Many of the Ancient Egyptian demons were mere second-raters, but Hanhut was the Avatar of a first-rate curse and every bit as famous as Tun. He had been created for an Ancient Egyptian queen with the impressive words ‘Death shall come on swift wings to him that toucheth the exalted one’. As a result, Hanhut was a study in terror, tall, jackal-headed, with massive wings and eyes that struck fear into any heart. Including Grimshaw’s.

  When Grimshaw landed with a thunk on the sand that was sand-coloured but with a kind of grey quality about it, Hanhut turned his fearsome head and stared. Some of the other Ancient Egyptian curse demons were there too, sitting amid the dunes that rose against the grey sky like blocks of powdery concrete. In the distance Grimshaw could see the pyramids, their grey, triangular shapes jutting against the grey sky.

  ‘It’s that odd little creature again,’ said Hanhut in his low voice that seemed to have a lot of snarl in it. He knew Grimshaw’s name perfectly well, but pretended not to because he thought he was too important to address a third-rater by name.

  Three over-tall figures in slightly unravelled bandages turned to peer at Grimshaw with the dark holes that served them for eyes. For some reason, second-rate Ancient Egyptian Avatars often came out looking like old horror-movie versions of revenge-crazed mummies.

  ‘The third-raters are all odd,’ said one in a bored voice.

  ‘Some are odder than others, though,’ said another. ‘Have you seen that weird one like a lopsided pig?’

  ‘His name is Wimble,’ muttered Grimshaw, a little crossly. If the Mighty Curse was top of the curse-demon tree, then Wimble was the bottom – so lowly that even a demon of Grimshaw’s standing could look down on him. Grimshaw was so relieved it wasn’t him at the bottom, that he tried to stand up for Wimble whenever he could.

  Hanhut took a step forward and put on a reassuring look that nearly made Grimshaw throw up with fright.

  ‘Tell me, O cat creature with no fur, how does it feel to be so … mediocre?’
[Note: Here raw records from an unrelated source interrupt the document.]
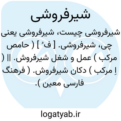 شیرفروشی. [ ف ُ ] ( حامص مرکب ) عمل و شغل شیرفروش. || ( اِ مرکب ) دکان شیرفروش. ( فرهنگ فارسی معین ).
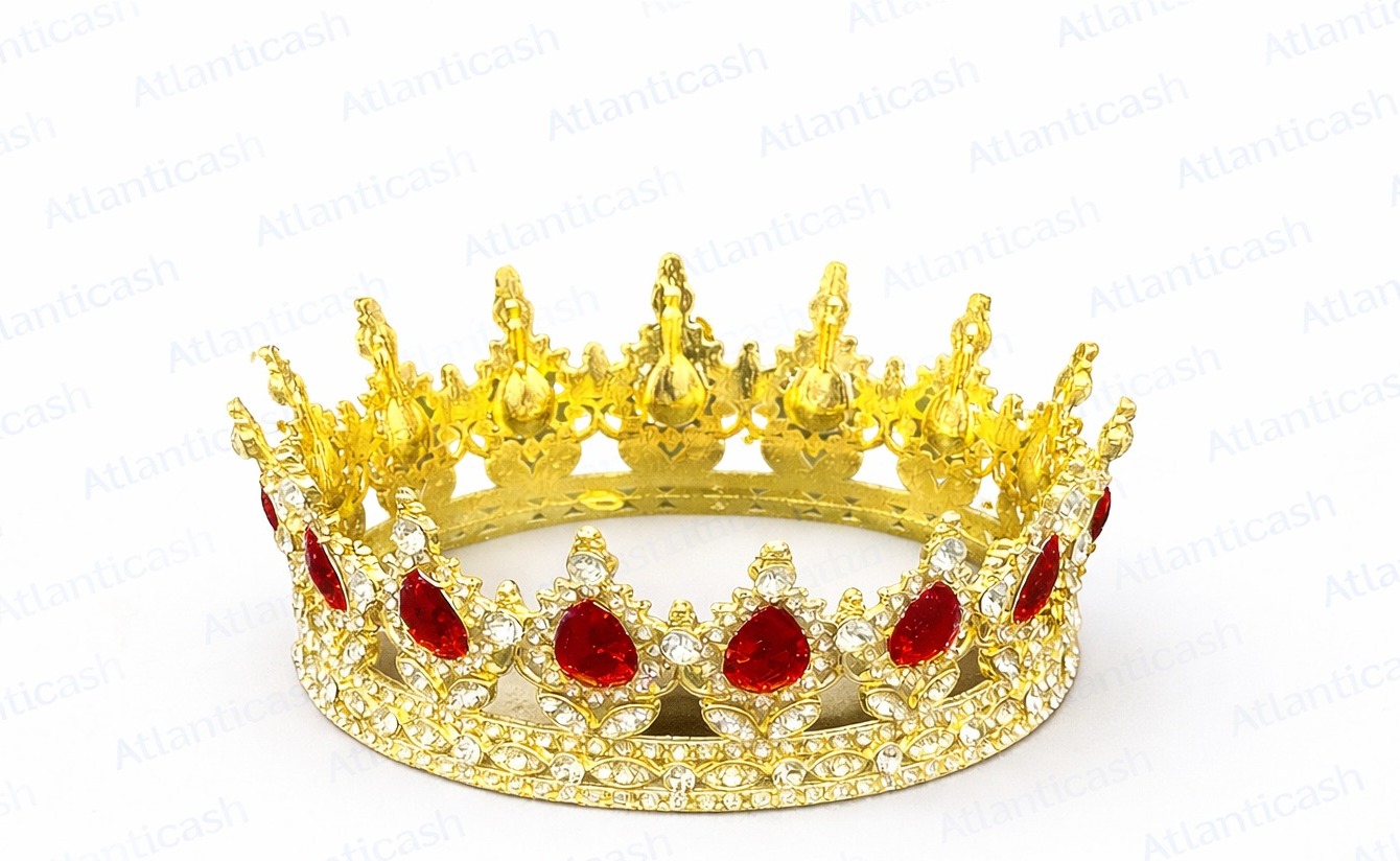 Coroa Dourada Metálica c/ Pedras Vermelhas ( 15cm x 5Alt. )
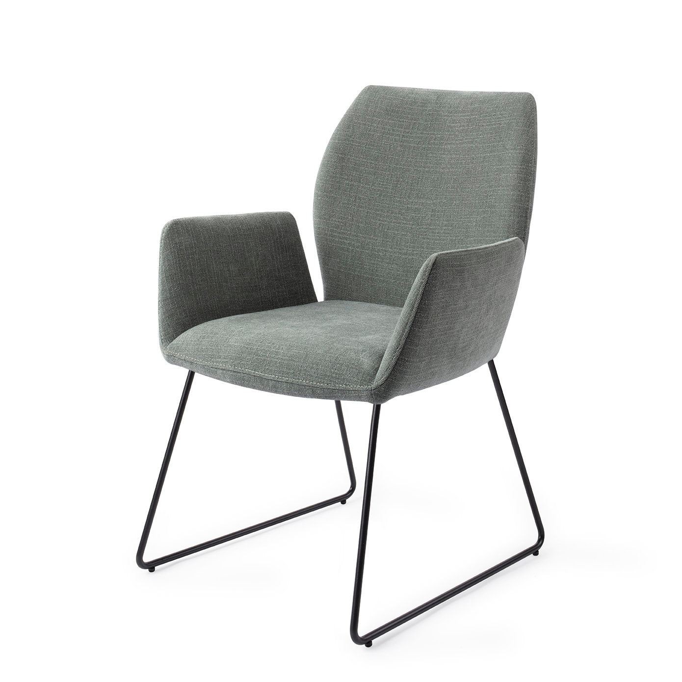 La chaise de salle à manger Misaki se caractérise par des accoudoirs légèrement détachés du dossier. Cela donne l'impression d'ailes qui s'étendent légèrement, conférant à la chaise un caractère aérien et libre. Les accoudoirs offrent également un soutien confortable. Nous sommes de grands fans de ce design propre et ordonné. La chaise est recouverte d'un tissu en polyester durable qui rappelle le tissu éponge luxueux. Prenez place et profitez !

  Grimshaw didn’t know what mediocre meant, but he could take a pretty good guess. He flipped his ears and swished his tail, making ripples in the sand.

  ‘Um … kind of … depressing.’

  Hanhut nodded his jackal’s head and ruffled his wings in a sympathetic way that made Grimshaw think he was about to be ripped apart. He swallowed hard, but managed to say, ‘What does it feel like to be so … amazing?’

  The other demons burst into laughter that sounded like somebody choking horribly to death.

  Hanhut raised a hand and they fell silent. ‘No, no. I will answer. Let the creature hear me.’ He took another step forward.

  Grimshaw shuffled back, getting slightly caught up in his tail. The other demons had stirred jerkily into life and were moving in different directions. Grimshaw had a nasty feeling they were positioning themselves around him. It didn’t bode well. He twitched, then flattened his ears nervously and crouched a little closer to the sand.

  His eyes glowing like yellow fires, Hanhut stepped closer. He raised a hand heavy with shining claws and reached out slowly towards the cowering Grimshaw.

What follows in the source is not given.